If you use a KeyedStream you can group records by key (city) and then use a 
RichFlatMap to aggregate state in a MapState or ListState per key.  You can 
then have that operator publish the updated results as a new aggregated record, 
or send it to a database or such as you see fit.

Michael

> On May 8, 2018, at 4:22 AM, Flavio Pompermaier <pomperma...@okkam.it> wrote:
> 
> Hi all,
> I'd like to introduce in our pipeline an efficient way to aggregate incoming 
> data around an entity.
> 
> We have basically new incoming facts that are added (but also removed 
> potentially) to an entity (by id). For example, when we receive a new name of 
> a city we add this name to the known names of that city id (if the first 
> field of the tuple is ADD, if it is DEL we remove it).

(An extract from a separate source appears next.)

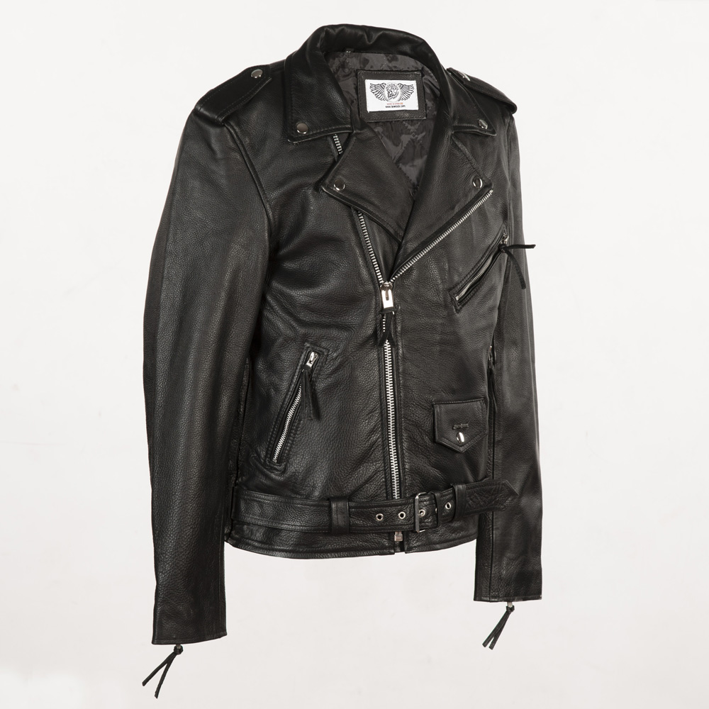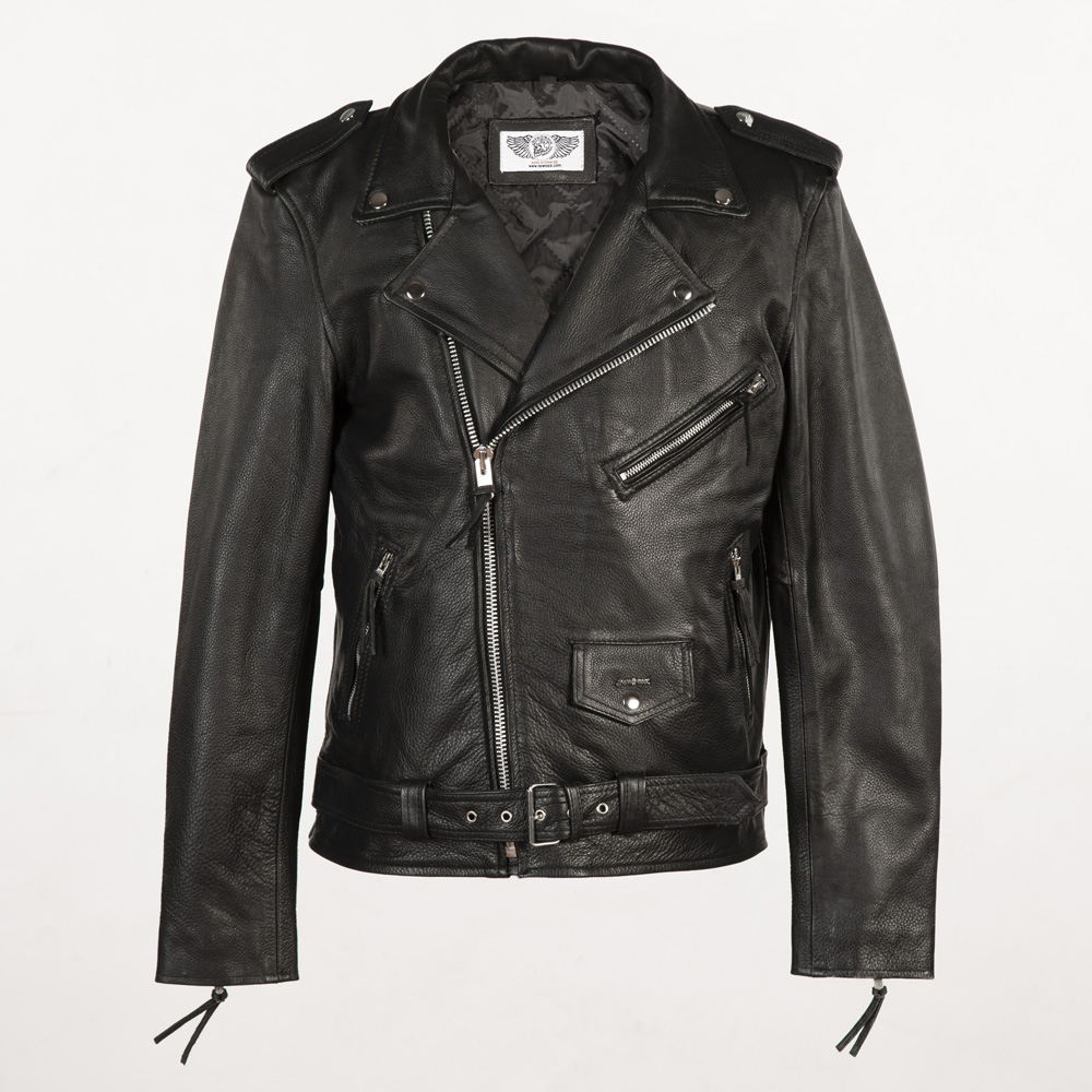 Куртка-косуха из натуральной кожи чёрного цвета с ремнем.

> At the moment we use batch job to generate an initial version of the 
> entities, another job that add facts to this initial version of the entities, 
> and another one that merges the base and the computed data. This is somehow 
> very inefficient in terms of speed and disk space (because every step 
> requires to materialize the data on the disk).
> 
> I was wondering whether Flink could help here or not...there are a couple of 
> requirements that make things very complicated:
> states could be potentially large (a lot of data related to an entity). Is 
> there any limitation about the size of the states?
> data must be readable by a batch job. If I'm not wrong this could be easily 
> solved flushing data periodically to an external sink (like HBase or similar)
> how to keep the long-running stream job up and run a batch job at the same 
> time? Will this be possible after Flip-6?
> how to add ingest new data? Do I really need Kafka or can I just add new 
> datasets to a staging HDFS dir (and move them to another dir once ingested)?